ファンとは、商品そのものというより、商品を支える価値を強く支持している人である。だから、その価値を中心にコミュニディを作るとよい。そのためには、以下の3つを強くする施策を打つ。
・その価値自体をアップさせる → 「共感」を強くする
・その価値を他に代えがたいものにする → 「愛着」を強くする
・その価値の提供元の評価・評判をアップさせる → 「信頼」を強くする
さらに、この「共感」「愛着」「信頼」をさらに強くして、LTV(Life Time Value)を挙げてゆく。
・共感 → 熱狂
・愛着 → 無二
・信頼 → 応援
ファンベースで有効な方法のひとつは、開示である。商品力や品質の根拠となる研究開発や製造工程、制作過程といった信頼される根拠をきちんと見せて、「この企業の商品は間違いない」「あそこはちゃんとしている」といった信頼感を勝ち取る。特に、人間を効果的に見せることは効果がある。

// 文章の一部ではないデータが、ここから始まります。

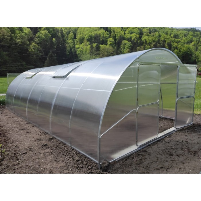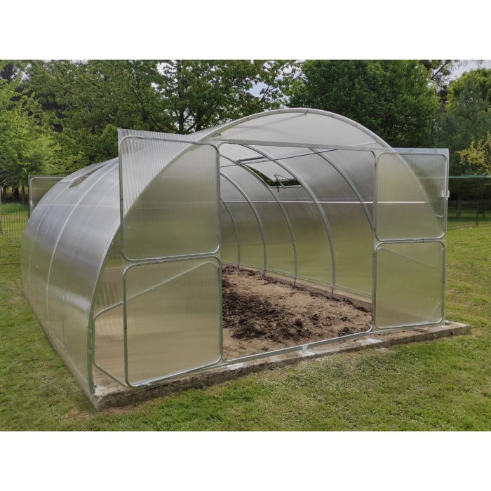 Šiltnamio matmenys: plotis 4 m, ilgis 10 m, aukštis 2.30 m.

共創はその企業の価値をわかっているコアファンとやらなければ意味がない。コアファンを作るなら、万人受けする要素より、偏愛されるポイントを前面に出した方がいい。ファンベースを構築・維持するためにはへりくだる必要はない。ファンを大切にし、ファンベースに基づいて中長期の価値や売り上げを高めてゆくことが、これからの時代はますます重要になる。

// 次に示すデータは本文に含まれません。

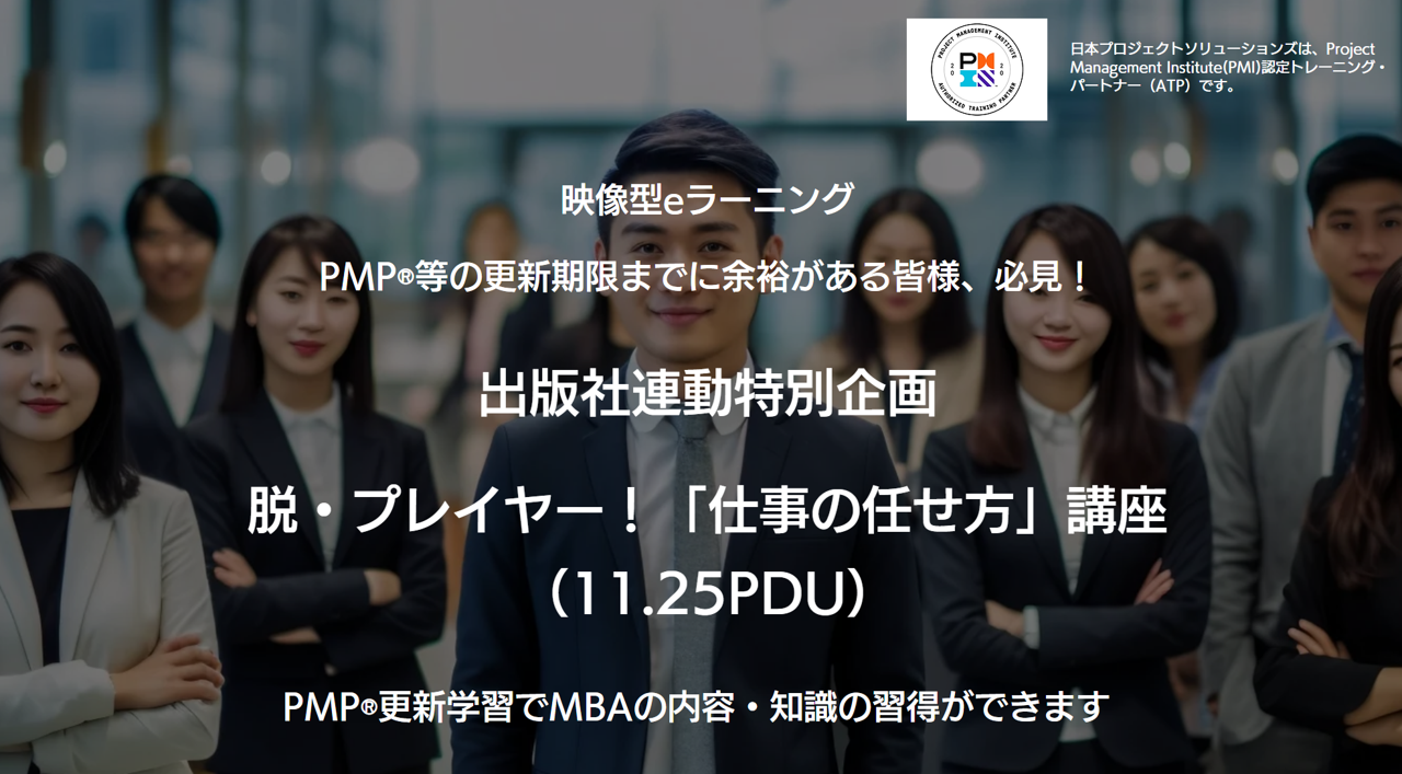 ※本コースはテキストとして指定図書を受講者様ご自身にてご購入いただき、指定図書をお読みいただき、また映像型eラーニングをご覧いただき、最終クイズ(11問)にご回答いただく事でPDUを発行いたします。

尚、本書には、カゴメについて、「カゴメは、20年かけて、企業理念に共感してくれた個人株主をじわじわ増やしてきた。そして今や、なんと総株主のうち99.5%が個人株主であり、『ファン株主』なのである(そのうち3分の1が主婦層だというのもものすごい)」と書かれているところがある。しかし、これは完全な間違いである。
実際、「会社四季報」によると、カゴメの株主構成は、自己株10.6%、日本トラスティ信託9.4%、日本マスター信託5.0%、ダイナパック4.9%、日清食品HLD1.5%、蟹江利親1.4%、蟹江英吉1.1%、JPモルガンチェース1.0%といった順番になっている。こんなことは簡単に調べられる。本を書くなら、ちゃんと裏とりをしてから書くべきである。